# Source data

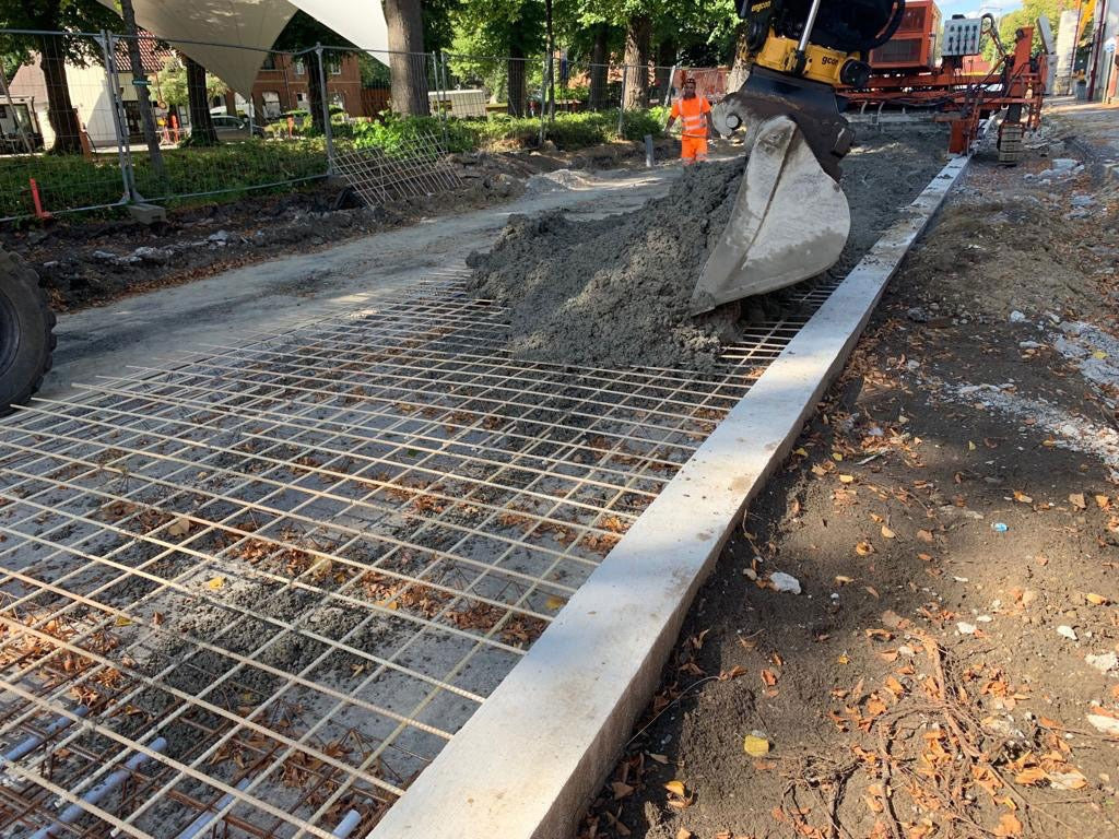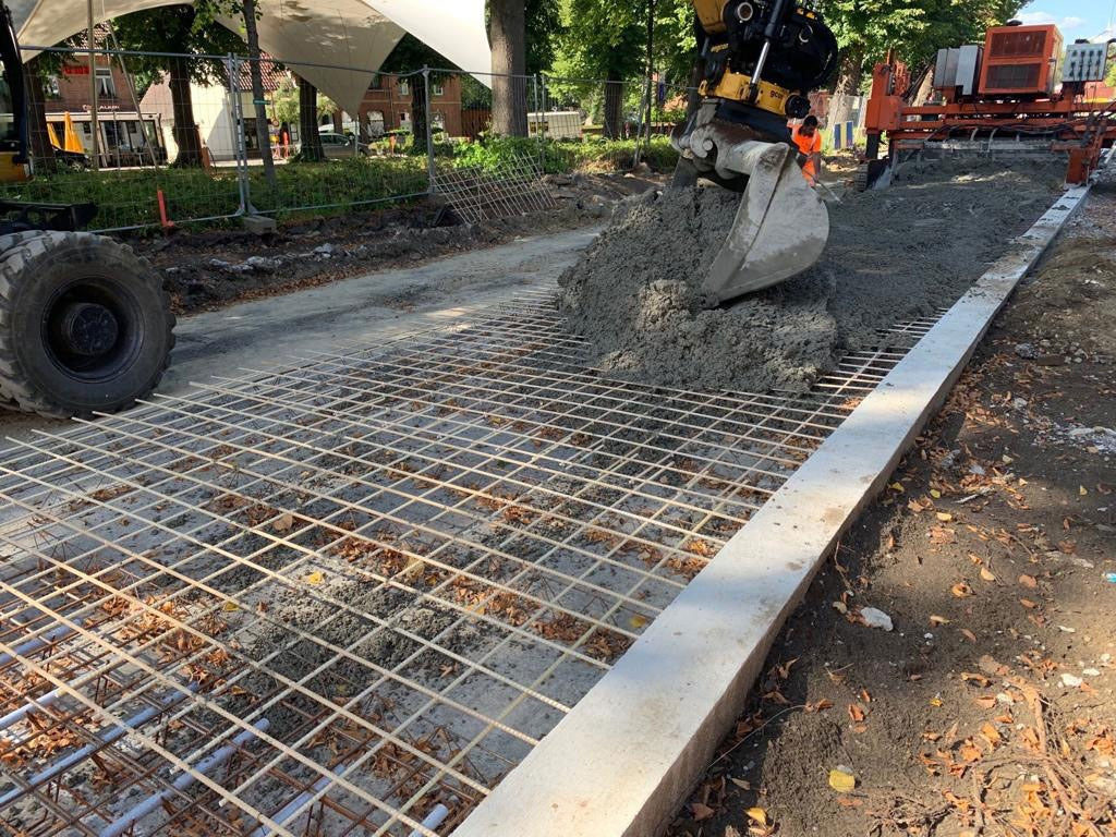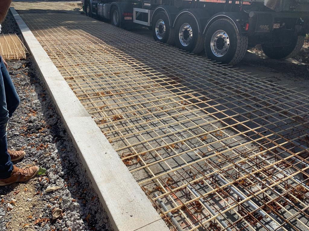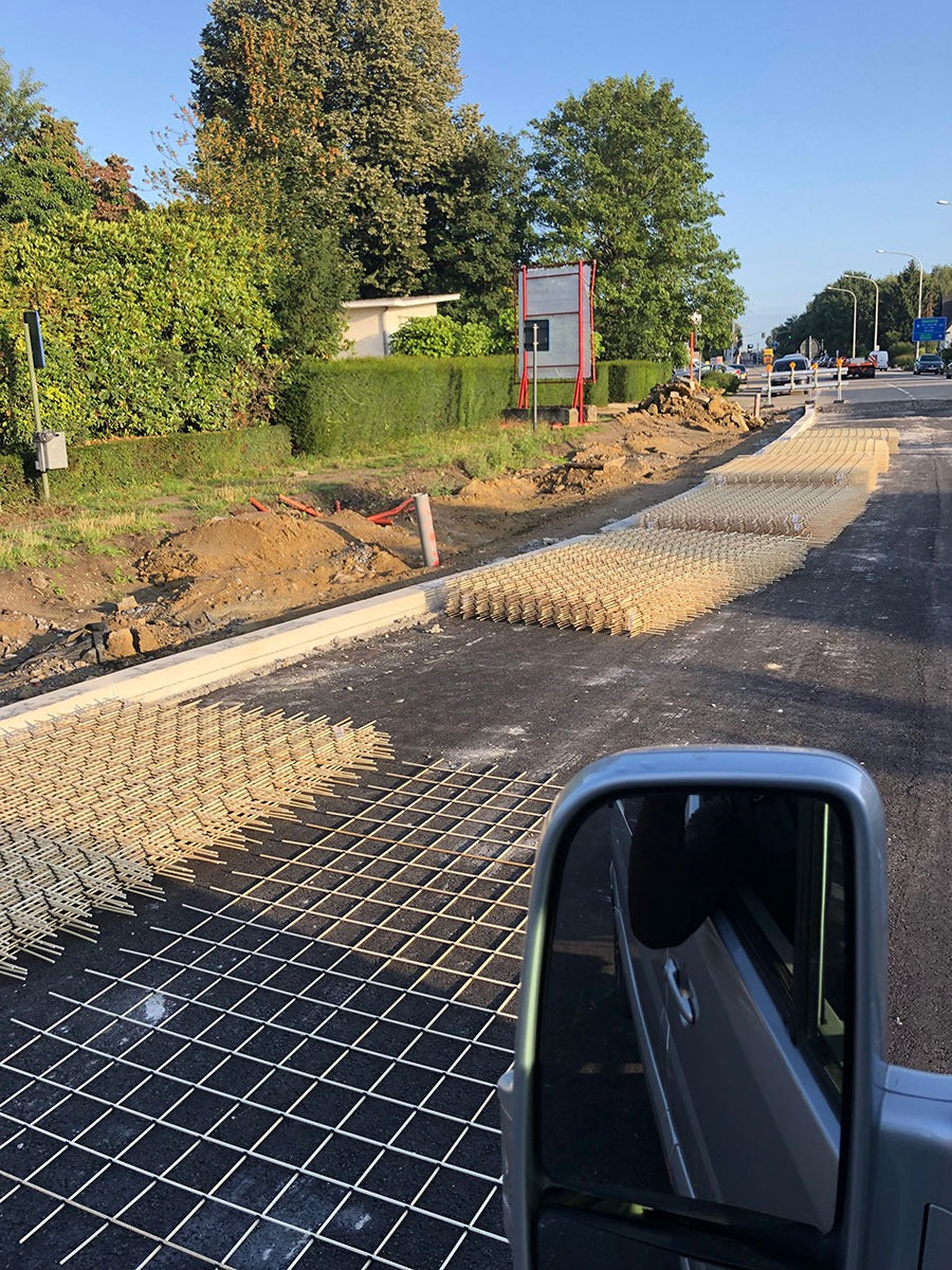 Op een doorgaande weg in België is een nieuwe laag beton aangelegd. Deze weg is gemaakt met een pavermachine. Hier zijn Glasvezelnetten aangeleverd van 3000×2000 / 150×150 / 10 mm. Ook de stalen koppelstaven zijn hier vervangen door glasvezel koppelstaven
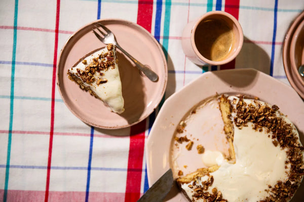 Arrosez de glaçage au cheesecake et saupoudrez de noix de pécan grossièrement hachées.
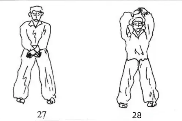 身正而立,双手自然下垂。自然呼吸,两掌在身前交叉,两手心相叠(图27)。两掌相叠由下向上于身前翻掌举起,两手心向前与头同高,两手到脸部相距约15厘米(图28)。
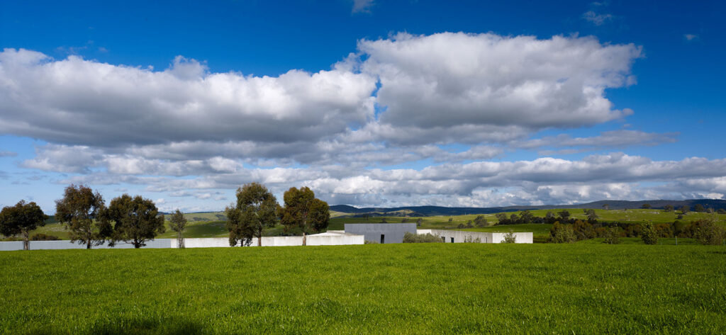An isolated farm homestead with a guest wing to one side, and machinery and shearing sheds to the other is conflated into a single object set in the open landscape.
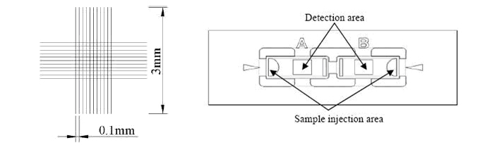 計數板的外觀(guān)尺寸:25*75*1.6mm,計數池深度0.02mm,每池的加樣體積數3µl?。
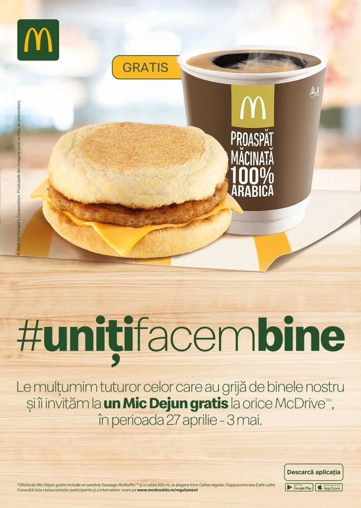 McDonald’s rămâne aproape de comunitate și le mulțumește tuturor celor care țin România în mișcare în această perioadă fără precedent. Pentru că numai #unițifacembine, toți cei care sunt nevoiți să iasă din casele lor de la primele ore ale dimineții, pentru a asigura bunul mers al vieții, pot beneficia de câte un mic dejun din partea casei oferit de McDonald’s în perioada 27 aprilie – 3 mai.
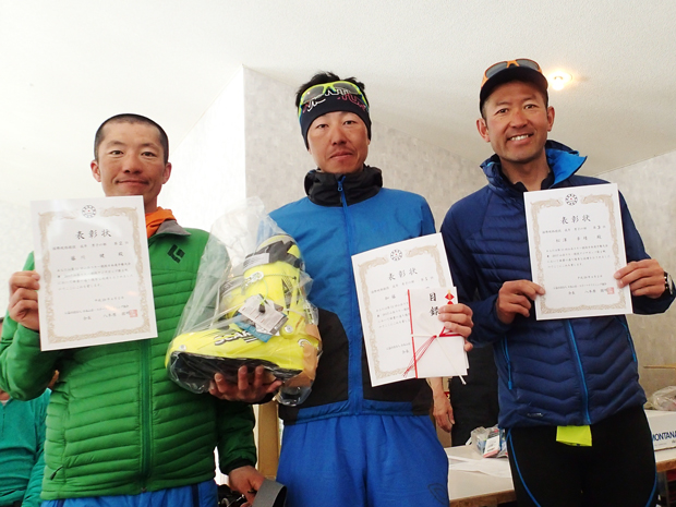 成年男子で優勝した加藤淳一選手(中央)、2位の藤川健選手(左)、3位の松澤幸靖選手(右)。
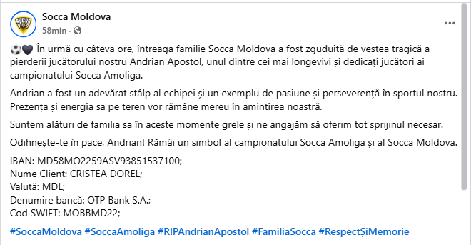 „În urmă cu câteva ore, întreaga familie Socca Moldova a fost zguduită de vestea tragică a pierderii jucătorului nostru Andrian Apostol, unul dintre cei mai longevivi și dedicați jucători ai campionatului Socca Amoliga.
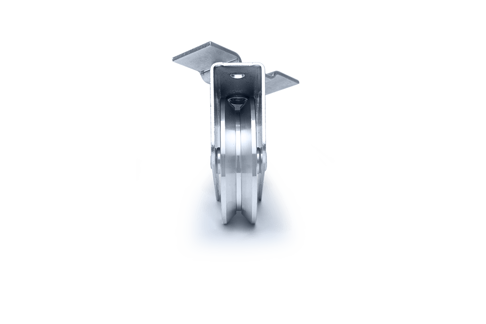 ROLDANA CANAL (V) EM AÇO 1020 COM SUPORTE GIRATÓRIO E 1 ROLAMENTO

# Required work
Your task is to reproduce exactly the lines running from the line that contains "計數板的外觀(guān)尺寸" to the end of the records, pictures excluded.

# Answer to the problem
 計數板的外觀(guān)尺寸:25*75*1.6mm,計數池深度0.02mm,每池的加樣體積數3µl?。
 McDonald’s rămâne aproape de comunitate și le mulțumește tuturor celor care țin România în mișcare în această perioadă fără precedent. Pentru că numai #unițifacembine, toți cei care sunt nevoiți să iasă din casele lor de la primele ore ale dimineții, pentru a asigura bunul mers al vieții, pot beneficia de câte un mic dejun din partea casei oferit de McDonald’s în perioada 27 aprilie – 3 mai.
 成年男子で優勝した加藤淳一選手(中央)、2位の藤川健選手(左)、3位の松澤幸靖選手(右)。
 „În urmă cu câteva ore, întreaga familie Socca Moldova a fost zguduită de vestea tragică a pierderii jucătorului nostru Andrian Apostol, unul dintre cei mai longevivi și dedicați jucători ai campionatului Socca Amoliga.
 ROLDANA CANAL (V) EM AÇO 1020 COM SUPORTE GIRATÓRIO E 1 ROLAMENTO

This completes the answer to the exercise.